[WHAT THE EXERCISE ASKS]
I would like the lines below, from the one with "City College faces" through the one with "Sony (SONY) Xperia1", copied exactly and without any pictures.

[RECORD EXCERPTS]

-------

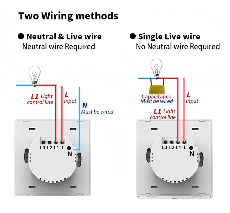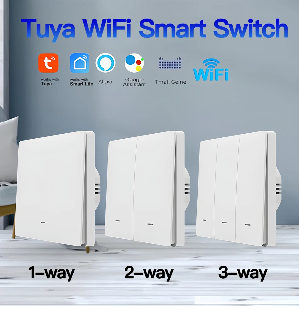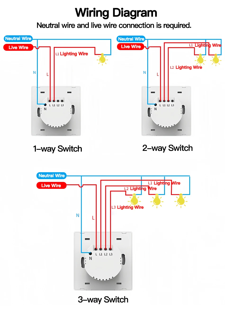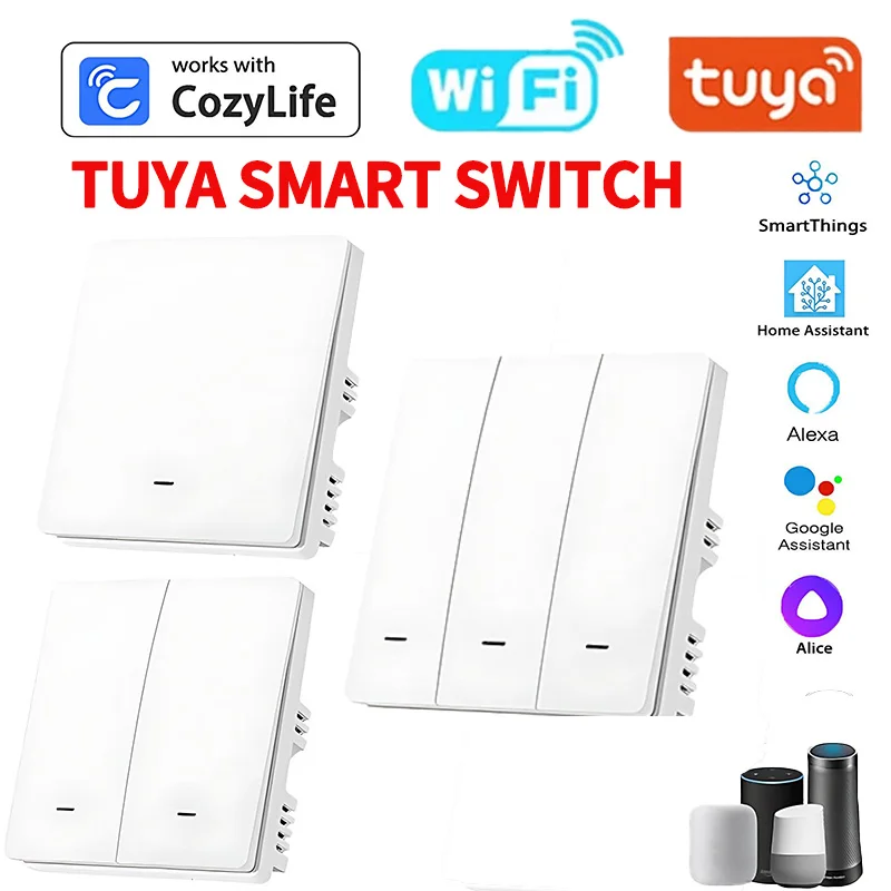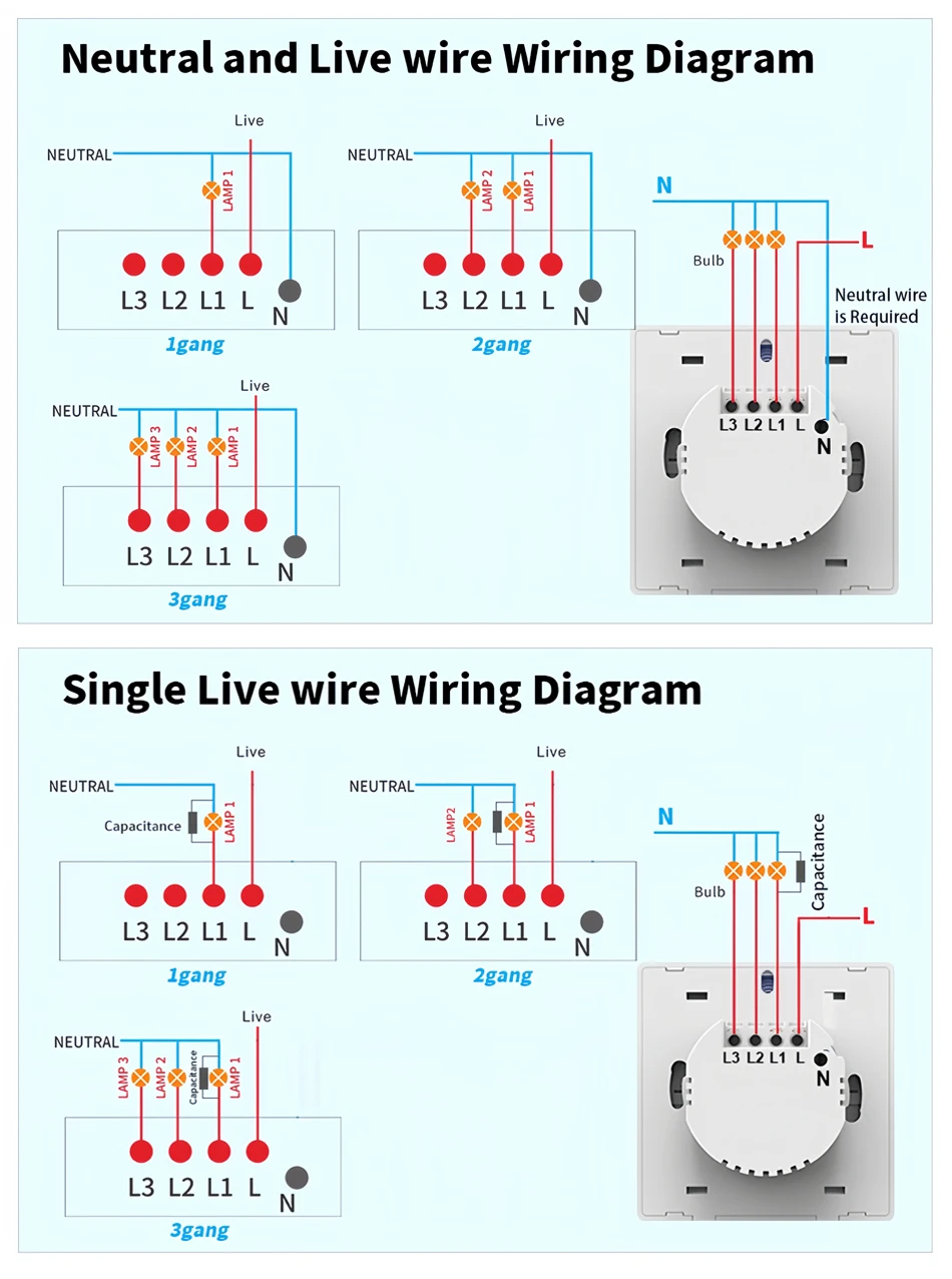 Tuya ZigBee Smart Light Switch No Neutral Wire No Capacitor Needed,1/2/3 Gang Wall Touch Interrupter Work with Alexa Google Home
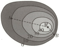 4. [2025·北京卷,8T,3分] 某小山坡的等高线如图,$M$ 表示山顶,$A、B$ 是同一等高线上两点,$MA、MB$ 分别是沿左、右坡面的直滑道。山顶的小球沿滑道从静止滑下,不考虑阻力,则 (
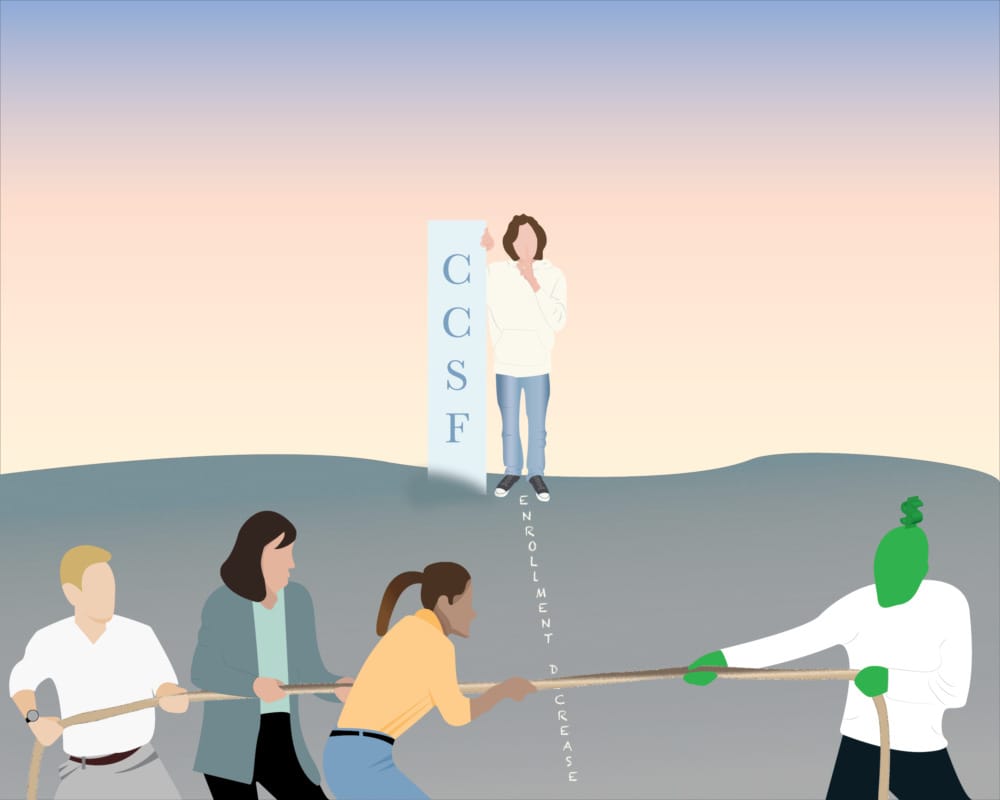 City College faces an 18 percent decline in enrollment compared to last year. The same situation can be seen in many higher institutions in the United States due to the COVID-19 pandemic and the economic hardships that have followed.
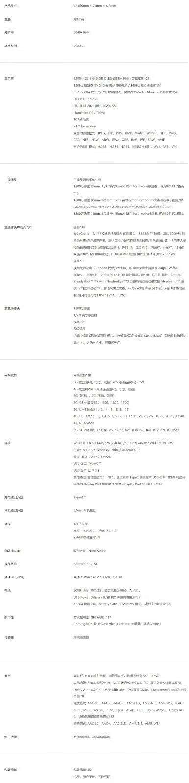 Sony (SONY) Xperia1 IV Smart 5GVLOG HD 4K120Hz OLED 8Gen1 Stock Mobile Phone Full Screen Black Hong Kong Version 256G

-------

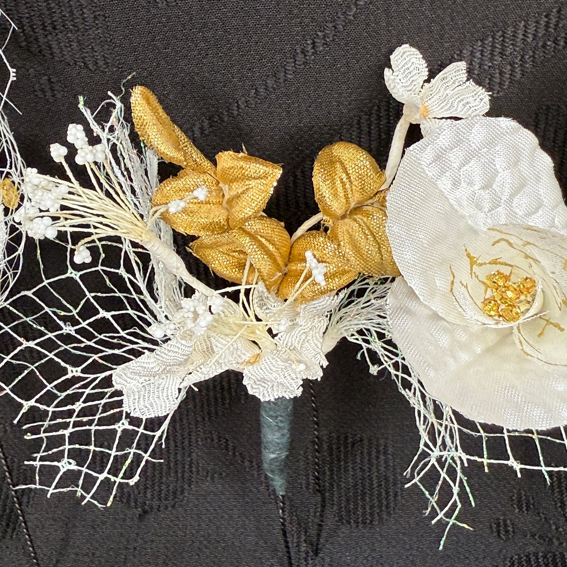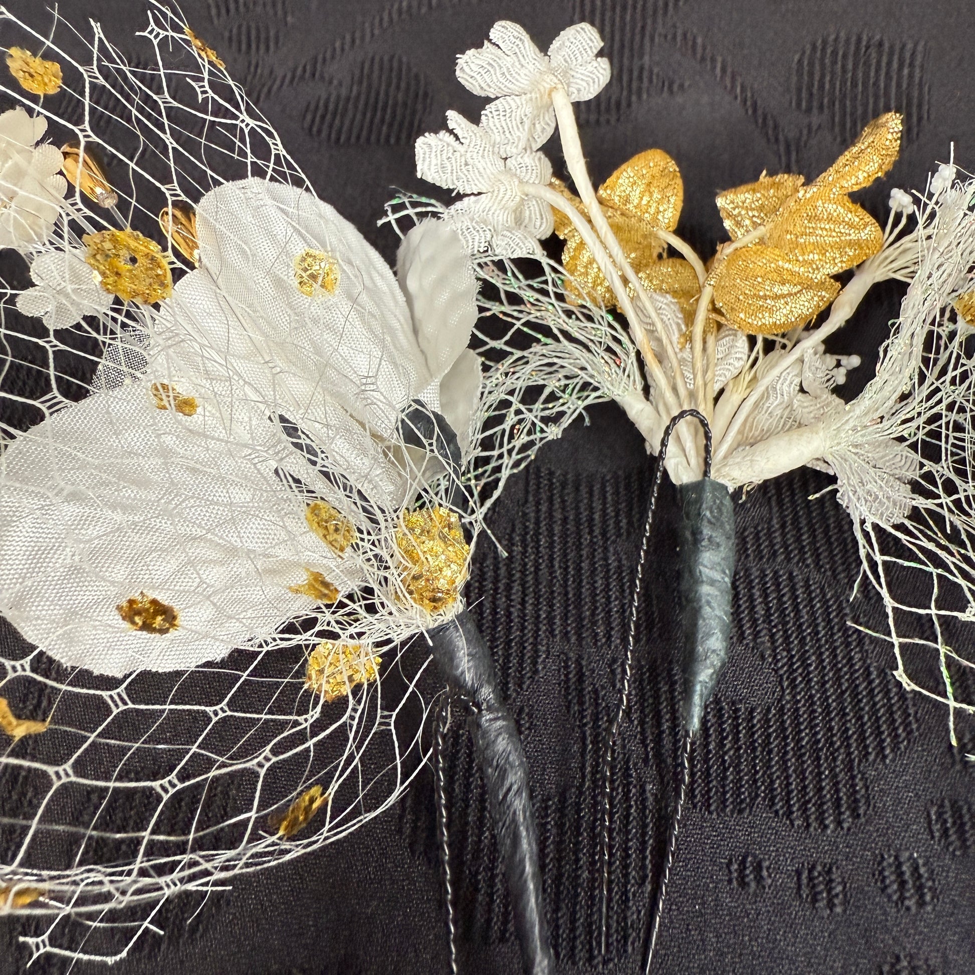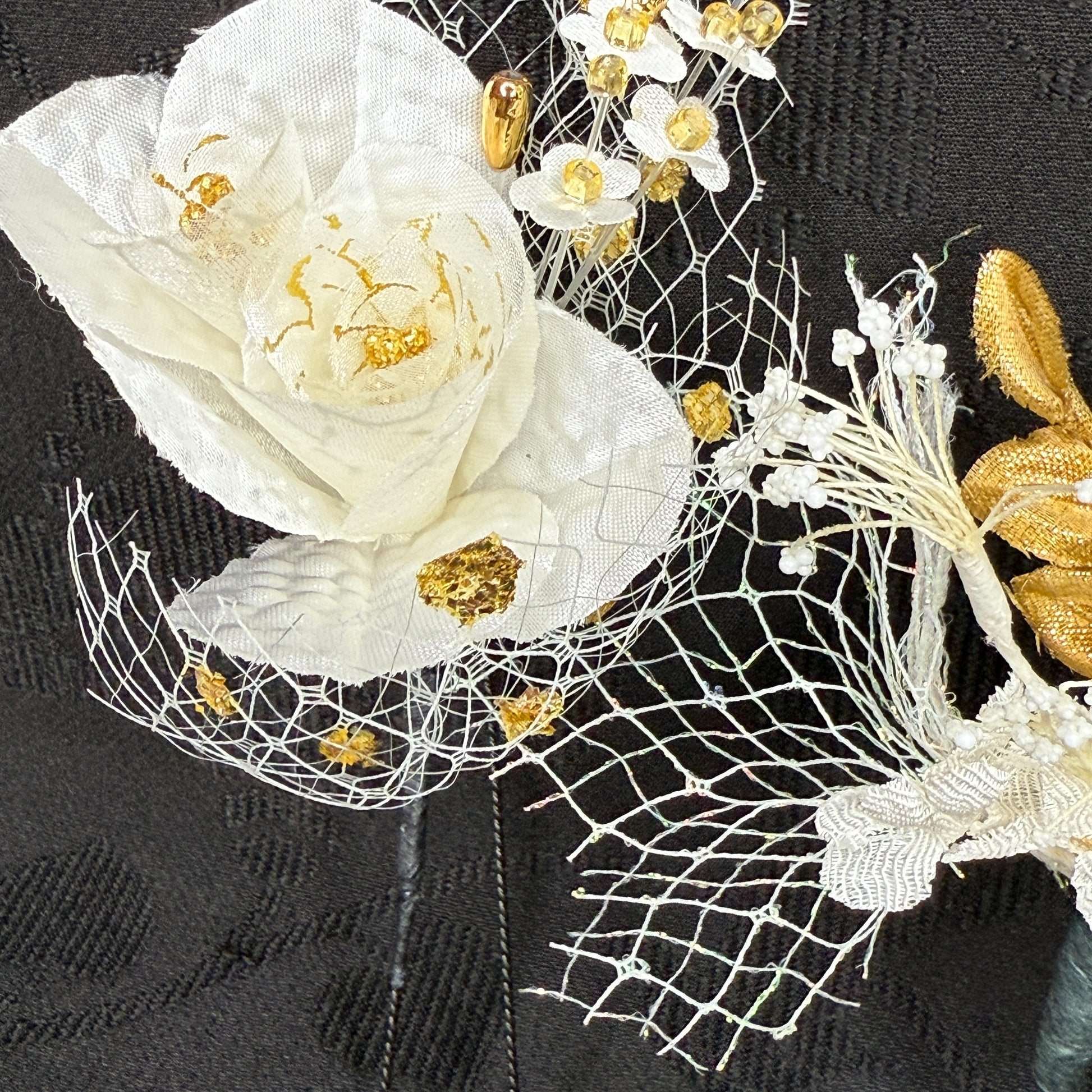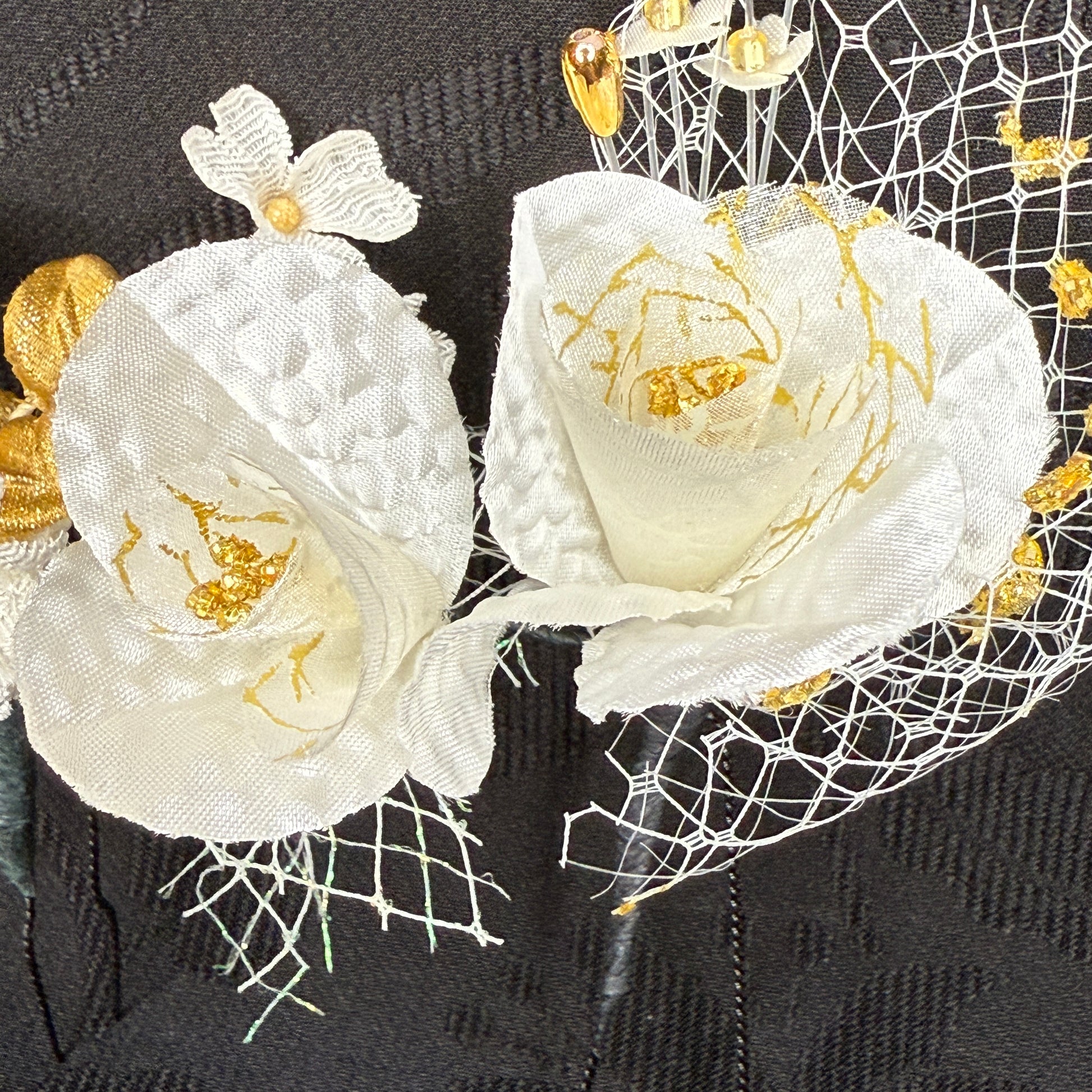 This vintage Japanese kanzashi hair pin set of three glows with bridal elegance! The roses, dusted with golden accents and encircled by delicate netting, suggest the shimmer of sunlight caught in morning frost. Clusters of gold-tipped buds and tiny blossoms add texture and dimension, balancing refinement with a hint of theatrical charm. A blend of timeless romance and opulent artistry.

-------

[ANSWER TO THIS PROBLEM]
 City College faces an 18 percent decline in enrollment compared to last year. The same situation can be seen in many higher institutions in the United States due to the COVID-19 pandemic and the economic hardships that have followed.
 Sony (SONY) Xperia1 IV Smart 5GVLOG HD 4K120Hz OLED 8Gen1 Stock Mobile Phone Full Screen Black Hong Kong Version 256G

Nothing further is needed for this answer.